--- Recorded information Enclosed Below ---

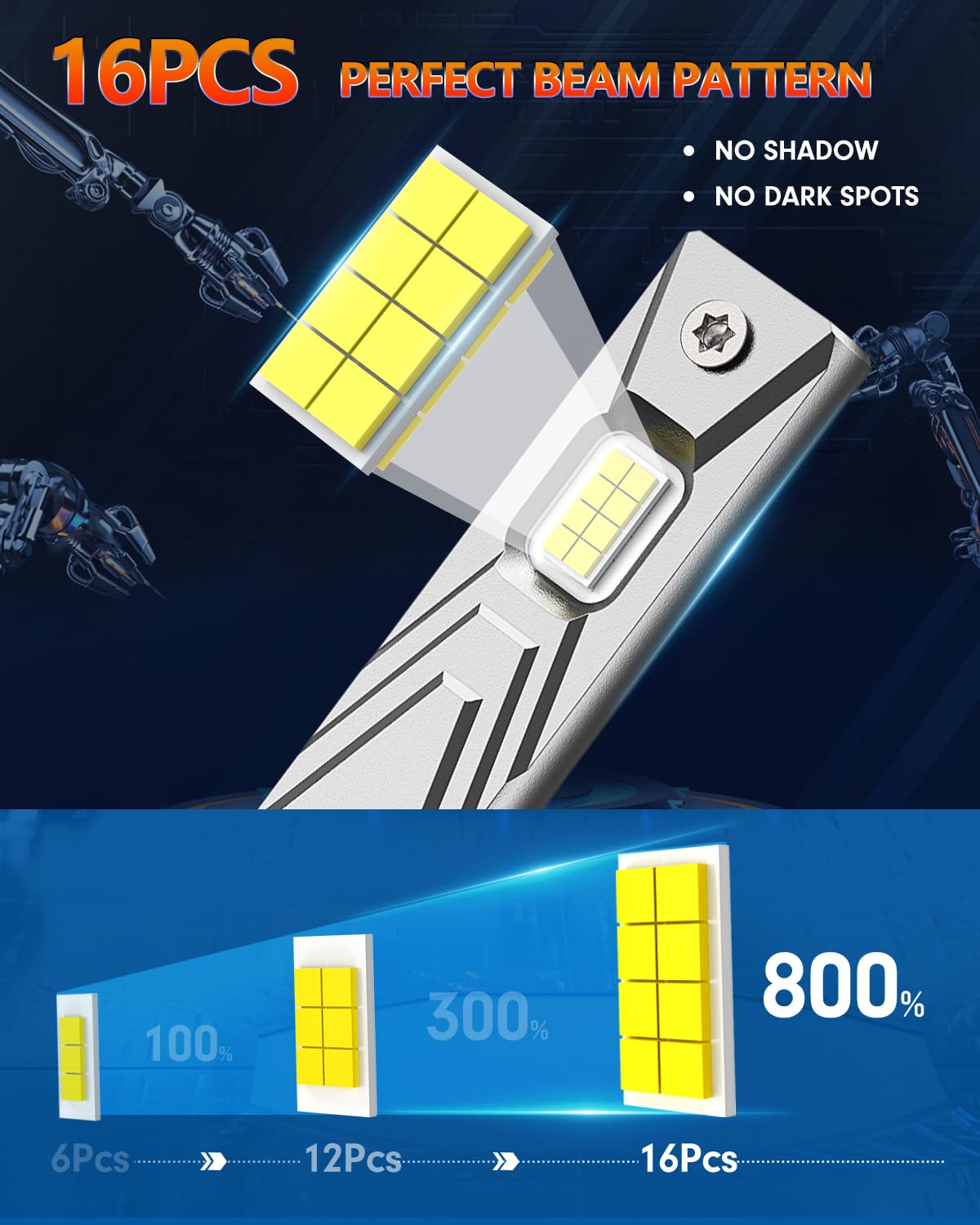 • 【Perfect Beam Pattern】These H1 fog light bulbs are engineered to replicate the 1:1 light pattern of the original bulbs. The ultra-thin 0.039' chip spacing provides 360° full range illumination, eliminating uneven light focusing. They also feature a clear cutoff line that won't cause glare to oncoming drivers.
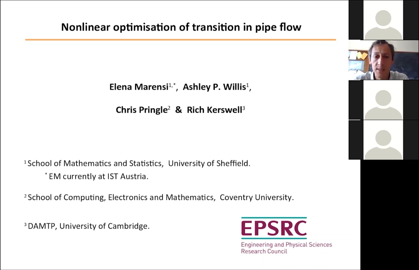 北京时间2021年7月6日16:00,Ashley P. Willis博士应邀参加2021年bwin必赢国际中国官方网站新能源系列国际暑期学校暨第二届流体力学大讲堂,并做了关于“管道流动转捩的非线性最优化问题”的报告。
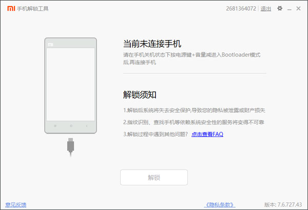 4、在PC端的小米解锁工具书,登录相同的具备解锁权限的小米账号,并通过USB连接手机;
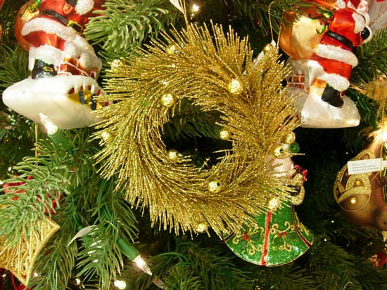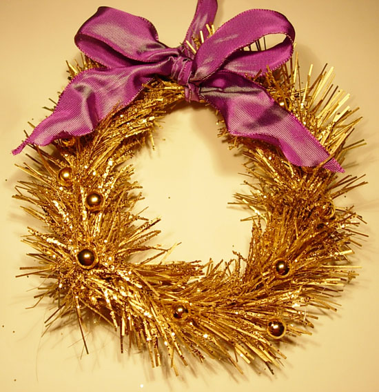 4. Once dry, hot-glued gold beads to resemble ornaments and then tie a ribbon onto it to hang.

--- End of Enclosed Recorded information ---

Exercise objective: When you retype the listing, keep every line exactly as it is and drop the pictures.

Response to this exercise:
 • 【Perfect Beam Pattern】These H1 fog light bulbs are engineered to replicate the 1:1 light pattern of the original bulbs. The ultra-thin 0.039' chip spacing provides 360° full range illumination, eliminating uneven light focusing. They also feature a clear cutoff line that won't cause glare to oncoming drivers.
 北京时间2021年7月6日16:00,Ashley P. Willis博士应邀参加2021年bwin必赢国际中国官方网站新能源系列国际暑期学校暨第二届流体力学大讲堂,并做了关于“管道流动转捩的非线性最优化问题”的报告。
 4、在PC端的小米解锁工具书,登录相同的具备解锁权限的小米账号,并通过USB连接手机;
 4. Once dry, hot-glued gold beads to resemble ornaments and then tie a ribbon onto it to hang.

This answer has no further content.